(Assignment):
Go to the line with "8일 오후 경기도 용인실내체육관에서" in the material below and copy from there through the line with "With Esab Robust", exactly. Pictures are not copied.

(Source material):
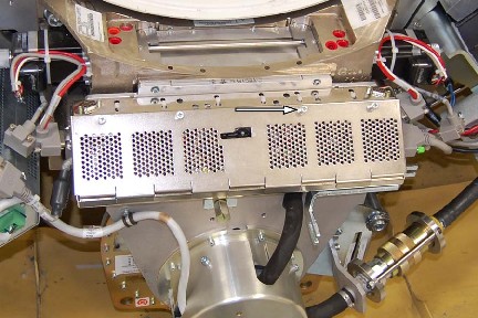 3. With power removed from the gantry, turn the position adjuster to position the large/small bowtie filter assembly so it is visible through the input port or tube side of the collimator assembly.
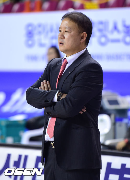 8일 오후 경기도 용인실내체육관에서 열린 'KB국민은행 2014-2015 여자프로농구' 용인 삼성과 인천 신한은행의 경기 3쿼터, 신한은행 정인교 감독이 경기를 지켜보고 있다.
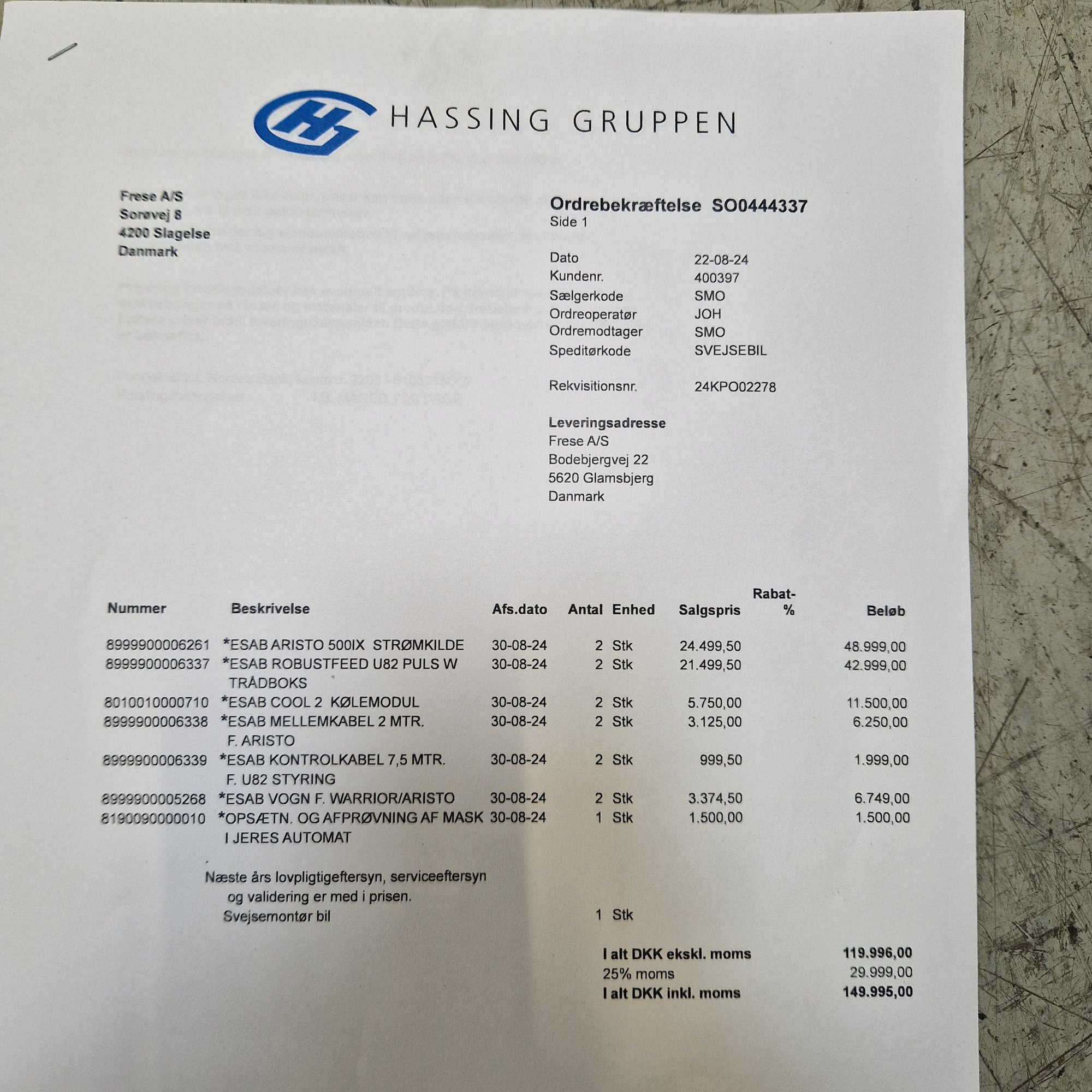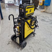 With Esab Robust Feed U8-2 wirebox with pulse and synergic, Cool 2 water cooling unit, 4-wheel wire feed, wagon, and new Esab 4 m. Exeor PSF 420W welding hose.
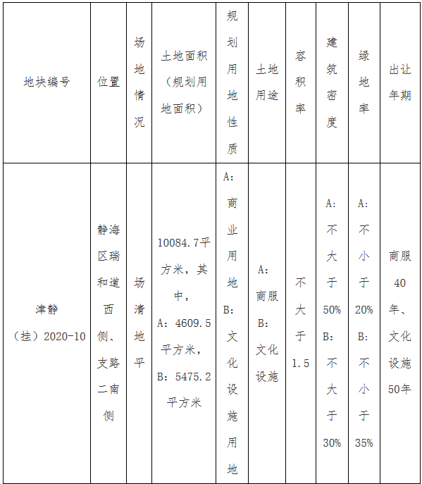 津靜(掛)2020-12號地塊可兼容不大於地上總建築面積10%的商業建築面積;受讓人須在簽訂土地出讓合同之日起12個月內開工建設、48個月內竣工。

(Answer space):
 8일 오후 경기도 용인실내체육관에서 열린 'KB국민은행 2014-2015 여자프로농구' 용인 삼성과 인천 신한은행의 경기 3쿼터, 신한은행 정인교 감독이 경기를 지켜보고 있다.
 With Esab Robust Feed U8-2 wirebox with pulse and synergic, Cool 2 water cooling unit, 4-wheel wire feed, wagon, and new Esab 4 m. Exeor PSF 420W welding hose.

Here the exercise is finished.